Understanding these conformational properties is crucial for researchers designing antibodies for specific applications, as they can significantly impact function and physicochemical properties.

What are the future prospects for combining IMA1 research with antibody-based detection methods?

The integration of IMA1 research with antibody-based detection methods presents several promising research directions:

• Development of specific antibodies against IMA1 and related proteins to:

  • Track protein localization and movement between tissues

  • Quantify protein levels in different conditions

  • Immunoprecipitate IMA1 to identify interaction partners

• Application of advanced antibody engineering approaches to study IMA1:

  • Bispecific antibodies targeting IMA1 and potential interaction partners

  • Intrabodies for in vivo visualization of IMA1 dynamics

  • Nanobodies for super-resolution microscopy of IMA1 distribution

• Translation of insights from plant IMA1 to biomedical applications:

  • Exploring potential homologs or functional analogs in other organisms

  • Investigating connections between iron homeostasis and immunity across kingdoms

These approaches could provide valuable insights into the molecular mechanisms underlying IMA1 function and potentially reveal new therapeutic targets at the intersection of nutrition and immunity.
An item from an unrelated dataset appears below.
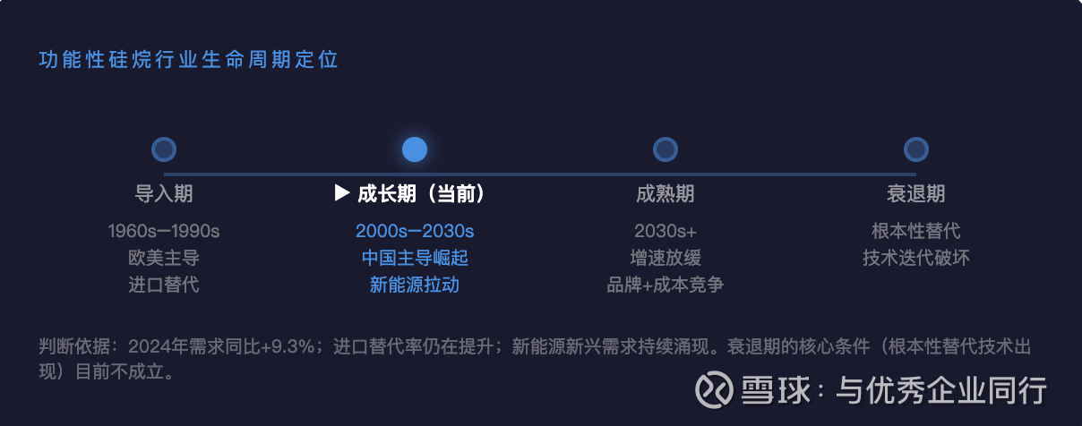 更重要的是,功能性硅烷在可见的未来不存在根本性替代技术。Si-O 键的化学特性决定了它在有机-无机界面改性上的不可替代性,这是材料化学的底层逻辑,不会因为一个新发现就改变。从这个意义上说,这个行业的"衰退期"还很遥远。

How might the principles of iMab development inform other antibody engineering applications?

The development of iMab and its application in HIV-1 neutralization provides several valuable principles that could inform other antibody engineering efforts:

• Context-dependent optimization:

  • The finding that optimal 10E8 variants differ depending on pairing partner suggests that antibody optimization should be conducted in the final multispecific format rather than optimizing components separately

• Structure-guided modifications:

  • The successful engineering of bispecific antibodies with improved physicochemical properties demonstrates the value of rational design approaches

• Conformational tuning:

  • The ability to manipulate antibody conformation through specific mutations, as seen with i-shaped antibodies , could be exploited for applications requiring specific spatial arrangements of binding domains

• Targeting entry mechanisms:

  • The impressive potency of iMab-containing bispecific antibodies against HIV-1 suggests that targeting cellular entry factors might be an effective strategy for other viral diseases

These principles could be applied to develop novel antibody therapies for infectious diseases, cancer, and autoimmune conditions, potentially leading to more potent and specific treatments with improved pharmacological properties.